Валька посмотрел на него из окна сверху вниз, как на моль и, не думая показывать блюстителю порядка свои водительские документы, сказал: "Браток, да с кем не бывает?"
- Ошибаетесь, товарищ водитель, - сказал гаишник, - я не браток, а старший сержант милиции. Будьте любезны, документики ваши…
- Те че надо, - Валя воспринял просьбу гаишника, как личное оскорбление, - денег что ли? Почем нынче здесь проезд?
- За ваше нарушение до полугода лишения водительских прав полагается, - сказал сержант.
- Ва-аще-е уже оборзели, - с нескрываемым возмущением выругался Валька, - ладно, говори сколько?
- Ну, зачем же вы меня при выполнении служебных обязанностей оскорбляете? - стал наливаться кровью сержант, и было непонятно, то ли он так боится водителя мафиозного "Гелендвагена" с московскими номерами, то ли так за честь свою переживает.
- Ладно, ладно, на, возьми, - сказал Валька и протянул сержанту 500 рублей.
Сержант пересилил себя и деньги сунул в карман.
- Ну, - сказал Валька, - и кто тут из нас нарушает закон? Я, который просто по жизни распиздяй или ты, который этот закон охранять должен?
Сержант замер, как вкопанный, его лицо покрылось пунцовыми пятнами. Было видно, что он тысячу раз пожалел, что остановил "Гелендваген".

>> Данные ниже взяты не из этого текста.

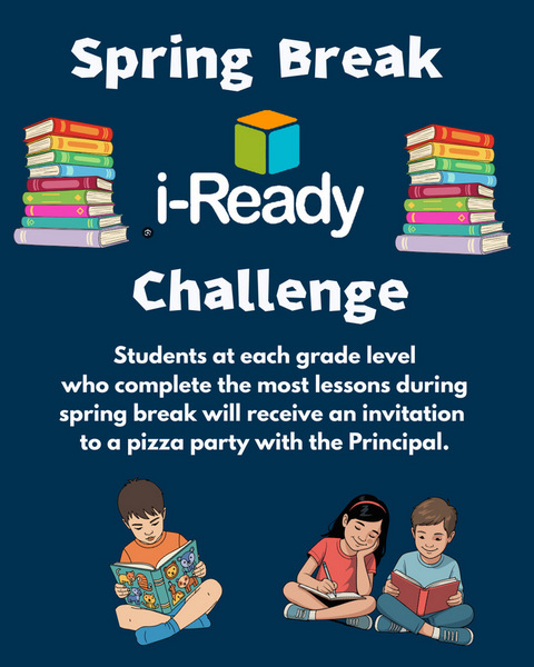 Students at each grade level who complete the most lessons during spring break will receive an invitation to a pizza party with the Principal

Валька, не обращая внимания на униженного сержанта, дал по газам, и мы помчались дальше с еще большей скоростью.
По дороге шла, опираясь на палку, сгорбленная старушка. Когда я увидел ее лицо, я подумал, что так в детстве представлял себе сказочную Бабу Ягу.

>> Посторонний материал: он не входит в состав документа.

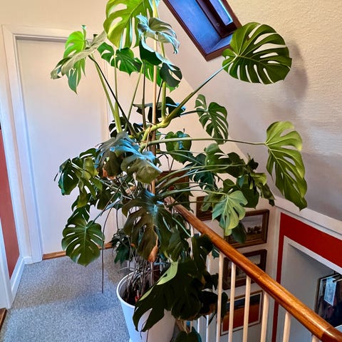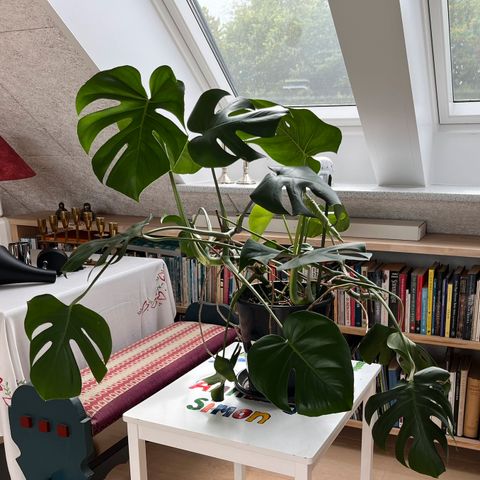 Fingerphilodendro monstera, Fantastisk flot grøn stueplante Fingerphilodendro Monstera , den er meget stor, og er lige blevet plantet om, den står i en fin hvid metal spand med træhank. Meget dekorativ. H 140 cm
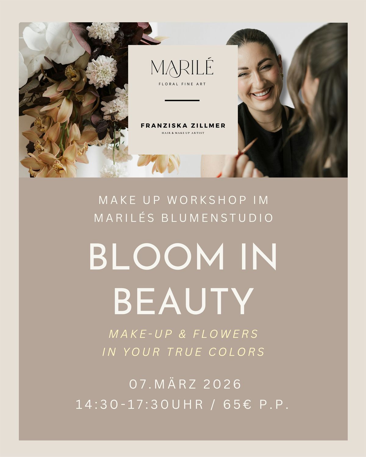 BLOOM IN BEAUTY verbindet Make-up, Typberatung und Floristik zu einem einzigartigen Workshop-Erlebnis. Entdecke deinen Farbtyp, lerne ein Make-up, das dich wirklich zum Strahlen bringt, und gestalte dein eigenes Mini-Blumenarrangement in deiner persönlichen Farbpalette. Ein Nachmittag voller Inspiration, Schönheit und Blütenmagie.

- Давай подвезем старушку, - предложил я.
- Зачем? - спросил Валька.
- Затем, что до ближайшей церкви идти отсюда шесть километров, - сказал я.
Валька остановил машину. Старуха сначала долго не могла понять, в чем дело, а когда села в машину на заднее сидение рядом с Кариной так растрогалась, что не знала, как нас благодарить.
- Ой, миленькие мои, - запричитала она, - у меня ведь денег с собою только на хлеб. На, милочек, возьми хоть два рублика, - протянула она Вальке деньги.
- Гусары денег не берут, - сказал великодушный Валька.
- Это почему? Да, как же так? Ну, ты возьми тогда хоть карамельку, не обижай меня, старую, - старушка протянула две конфетки с замусоленными фантиками.
- Я ведь на таких машинах никогда не каталась, испугалась вначале, уж не бандиты ли вы, прости меня Господи. У нас ведь тут леса дремучие… Дай Бог вам здоровья и жен работящих!…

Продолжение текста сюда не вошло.